If a line in the records below contains the word "some", return that line.

Stored entries:
BEGIN

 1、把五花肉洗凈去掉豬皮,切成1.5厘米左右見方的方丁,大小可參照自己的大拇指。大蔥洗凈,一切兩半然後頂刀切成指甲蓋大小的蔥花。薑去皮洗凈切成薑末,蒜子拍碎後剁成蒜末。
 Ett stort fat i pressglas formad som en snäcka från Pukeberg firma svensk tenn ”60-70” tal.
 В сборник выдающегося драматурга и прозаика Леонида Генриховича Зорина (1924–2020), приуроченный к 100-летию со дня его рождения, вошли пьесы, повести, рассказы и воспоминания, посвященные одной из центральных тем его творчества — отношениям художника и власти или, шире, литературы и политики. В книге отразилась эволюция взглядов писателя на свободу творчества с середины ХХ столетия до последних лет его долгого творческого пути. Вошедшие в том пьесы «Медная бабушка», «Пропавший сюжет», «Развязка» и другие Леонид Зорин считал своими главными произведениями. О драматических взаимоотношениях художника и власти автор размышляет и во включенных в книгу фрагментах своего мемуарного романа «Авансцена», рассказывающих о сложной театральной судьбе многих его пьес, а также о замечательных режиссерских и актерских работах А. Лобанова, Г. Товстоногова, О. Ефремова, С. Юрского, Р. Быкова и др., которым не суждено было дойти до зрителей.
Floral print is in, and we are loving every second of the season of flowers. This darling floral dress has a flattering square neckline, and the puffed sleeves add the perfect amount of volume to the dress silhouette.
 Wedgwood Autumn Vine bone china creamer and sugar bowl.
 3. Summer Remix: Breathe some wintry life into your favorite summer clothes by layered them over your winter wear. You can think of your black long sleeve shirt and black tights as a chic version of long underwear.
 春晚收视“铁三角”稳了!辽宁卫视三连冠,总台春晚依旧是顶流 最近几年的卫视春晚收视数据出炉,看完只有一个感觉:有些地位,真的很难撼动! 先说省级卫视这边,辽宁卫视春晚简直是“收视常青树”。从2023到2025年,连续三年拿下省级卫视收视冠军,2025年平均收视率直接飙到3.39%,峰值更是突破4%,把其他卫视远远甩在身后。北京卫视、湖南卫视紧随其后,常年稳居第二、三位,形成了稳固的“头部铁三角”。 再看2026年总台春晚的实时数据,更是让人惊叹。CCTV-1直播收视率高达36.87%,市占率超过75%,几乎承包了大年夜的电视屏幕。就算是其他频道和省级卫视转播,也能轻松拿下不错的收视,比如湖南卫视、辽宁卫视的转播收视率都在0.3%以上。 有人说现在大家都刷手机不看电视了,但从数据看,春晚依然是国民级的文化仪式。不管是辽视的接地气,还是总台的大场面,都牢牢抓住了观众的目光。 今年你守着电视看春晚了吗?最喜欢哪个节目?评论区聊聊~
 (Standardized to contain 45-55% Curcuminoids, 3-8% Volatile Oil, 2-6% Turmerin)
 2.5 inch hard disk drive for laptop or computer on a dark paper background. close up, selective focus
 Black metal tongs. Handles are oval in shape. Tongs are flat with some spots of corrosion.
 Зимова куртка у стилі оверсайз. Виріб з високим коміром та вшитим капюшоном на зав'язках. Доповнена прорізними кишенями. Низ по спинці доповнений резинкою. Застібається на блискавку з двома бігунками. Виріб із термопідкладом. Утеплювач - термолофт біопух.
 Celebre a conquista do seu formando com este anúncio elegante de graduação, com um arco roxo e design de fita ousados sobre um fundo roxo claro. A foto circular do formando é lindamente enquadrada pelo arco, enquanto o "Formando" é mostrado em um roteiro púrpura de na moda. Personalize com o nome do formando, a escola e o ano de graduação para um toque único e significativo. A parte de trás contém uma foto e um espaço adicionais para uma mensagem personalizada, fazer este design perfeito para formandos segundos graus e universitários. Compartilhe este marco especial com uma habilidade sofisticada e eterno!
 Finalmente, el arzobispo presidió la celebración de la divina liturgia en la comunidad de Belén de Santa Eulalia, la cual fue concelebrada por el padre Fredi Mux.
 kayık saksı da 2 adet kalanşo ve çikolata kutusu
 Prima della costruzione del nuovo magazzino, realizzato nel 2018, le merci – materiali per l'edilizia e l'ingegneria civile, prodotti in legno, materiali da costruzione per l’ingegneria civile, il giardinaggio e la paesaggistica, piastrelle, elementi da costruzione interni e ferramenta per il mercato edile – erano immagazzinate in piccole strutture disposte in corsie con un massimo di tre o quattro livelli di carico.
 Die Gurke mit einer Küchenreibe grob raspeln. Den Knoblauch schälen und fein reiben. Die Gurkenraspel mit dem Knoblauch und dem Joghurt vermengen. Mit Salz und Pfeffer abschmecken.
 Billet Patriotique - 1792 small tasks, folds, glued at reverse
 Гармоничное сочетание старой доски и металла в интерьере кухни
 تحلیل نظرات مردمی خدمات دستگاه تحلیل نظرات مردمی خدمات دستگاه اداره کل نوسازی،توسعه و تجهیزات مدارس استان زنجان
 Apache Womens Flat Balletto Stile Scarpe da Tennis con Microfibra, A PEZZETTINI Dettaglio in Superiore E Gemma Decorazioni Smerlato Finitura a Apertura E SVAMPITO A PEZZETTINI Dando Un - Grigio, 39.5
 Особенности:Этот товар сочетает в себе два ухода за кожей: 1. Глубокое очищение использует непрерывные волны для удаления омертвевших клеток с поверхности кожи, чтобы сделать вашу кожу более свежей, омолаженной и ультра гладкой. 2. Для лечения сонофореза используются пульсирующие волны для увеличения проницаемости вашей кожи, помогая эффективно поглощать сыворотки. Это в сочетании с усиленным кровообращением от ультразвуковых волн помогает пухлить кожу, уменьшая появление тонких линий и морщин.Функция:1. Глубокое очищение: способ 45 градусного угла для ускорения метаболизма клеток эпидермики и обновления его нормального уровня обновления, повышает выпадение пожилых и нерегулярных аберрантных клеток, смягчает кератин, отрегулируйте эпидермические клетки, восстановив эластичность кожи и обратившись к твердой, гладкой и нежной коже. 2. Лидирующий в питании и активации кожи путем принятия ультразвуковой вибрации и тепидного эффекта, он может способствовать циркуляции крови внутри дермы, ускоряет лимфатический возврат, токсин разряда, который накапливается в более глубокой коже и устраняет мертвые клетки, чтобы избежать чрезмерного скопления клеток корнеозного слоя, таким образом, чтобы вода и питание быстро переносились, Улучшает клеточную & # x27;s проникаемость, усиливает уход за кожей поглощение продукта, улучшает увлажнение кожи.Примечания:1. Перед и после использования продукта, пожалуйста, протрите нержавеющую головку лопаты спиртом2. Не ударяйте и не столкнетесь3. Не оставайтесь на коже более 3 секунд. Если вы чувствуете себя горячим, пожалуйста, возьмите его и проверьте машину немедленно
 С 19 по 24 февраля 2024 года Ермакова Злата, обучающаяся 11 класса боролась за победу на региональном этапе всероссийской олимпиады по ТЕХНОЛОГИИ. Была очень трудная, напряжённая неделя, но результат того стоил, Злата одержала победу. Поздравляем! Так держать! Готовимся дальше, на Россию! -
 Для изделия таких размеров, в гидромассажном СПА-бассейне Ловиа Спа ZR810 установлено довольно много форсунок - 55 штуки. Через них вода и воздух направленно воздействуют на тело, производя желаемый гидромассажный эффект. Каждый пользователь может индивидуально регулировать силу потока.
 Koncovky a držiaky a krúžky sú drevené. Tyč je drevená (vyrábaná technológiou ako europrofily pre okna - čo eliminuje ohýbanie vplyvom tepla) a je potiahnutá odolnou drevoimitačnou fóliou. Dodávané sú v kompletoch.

END

EXPECTED OUTPUT:
 3. Summer Remix: Breathe some wintry life into your favorite summer clothes by layered them over your winter wear. You can think of your black long sleeve shirt and black tights as a chic version of long underwear.
 Black metal tongs. Handles are oval in shape. Tongs are flat with some spots of corrosion.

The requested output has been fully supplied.